Fehlerhafte Tabellen führen besonders unter alternativen Betriebssystem wie Linux oder xBSD zu Problemen, da einige Hauptplatinenhersteller ihre Tabellen nur unter Microsoft Windows testen. Die Microsoft-ACPI-Implementierung ist dafür bekannt, an einigen Stellen nicht zeichengetreu den Standard zu befolgen, so dass eventuelle Probleme den Herstellern nicht auffallen. Die zwei häufigsten Fehler sind, dass die Tabellen davon ausgehen, dass die Hauptplatine in jedem Fall nur unter Microsoft Windows laufen wird oder sie in bestimmten Funktionen keinen Wert zurückgeben (impliziter Return). Die ACPI-Implementierungen der freien Betriebssysteme müssen um diese Fehler herumarbeiten.

Folgende Tabellen existieren unter anderem:

    * RSDP (Root System Description Pointer)

    * RSDT (Root System Description Table)

    * DSDT (Differentiated System Description Table)

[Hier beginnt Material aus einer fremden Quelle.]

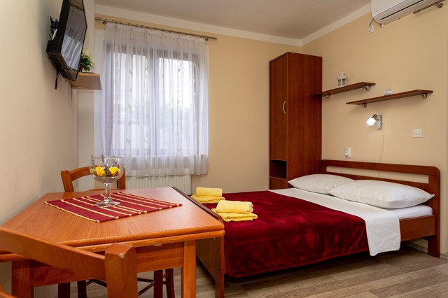 The apartment is located on the ground floor of our house (next to the apartment [1], and apartment [2]) and can accommodate a total of three people. It is equipped with satellite TV and wireless Wi-Fi. The apartment consists of a kitchen / living room, bedroom and bathroom.
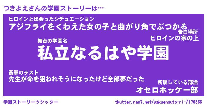 | ファンタジー風あだ名 | 『ツキフェル』『エターナルツキヨエー』 |
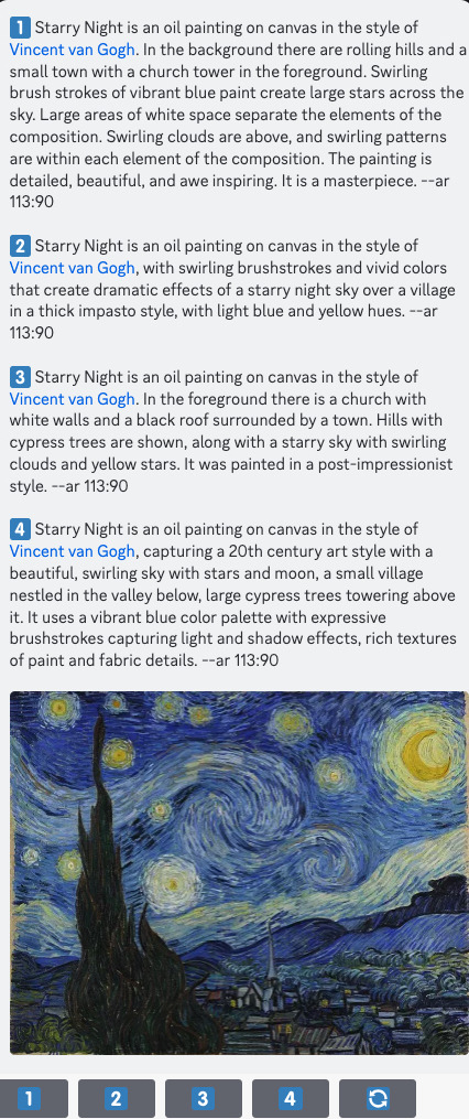 미드저니에 describe 명령어를 넣고 반 고흐의 "별이 빛나는 밤" 이미지를 올립니다. 그러면 이미지에 기초해서 4개의 프롬프트를 만들어줍니다.
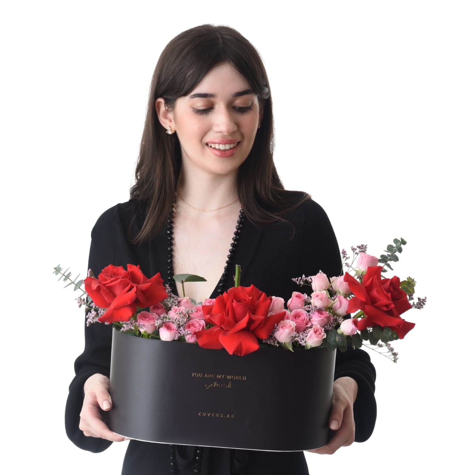 Combo Of Love with Experiences Gift is a refined Valentine’s Day expression that celebrates love through both beauty and shared moments, featuring 3 Red Roses, 1 White Hydrangea, 3 Red Spray Roses, and 5 Eucalyptus arranged in a graceful, romantic composition. Presented in a large oval “In My Heart… Always” box written in Arabic, this elegant floral arrangement is paired with a WonderGifts experience voucher, transforming the gesture into a lasting memory that goes beyond flowers alone. Thoughtfully curated, this gift is designed to honour connection, intimacy, and time spent together.

    * XSDT (Extended System Description Table)

    * FADT (Fixed ACPI Description Table)

    * FACS (Firmware ACPI Control Structure)

    * SBST (Smart Battery Table)

    * ECDT (Embedded Controller Boot Resources Table)

    * SRAT (System Resource Affinity Table)

    * SLIT (System Locality Distance Information Table)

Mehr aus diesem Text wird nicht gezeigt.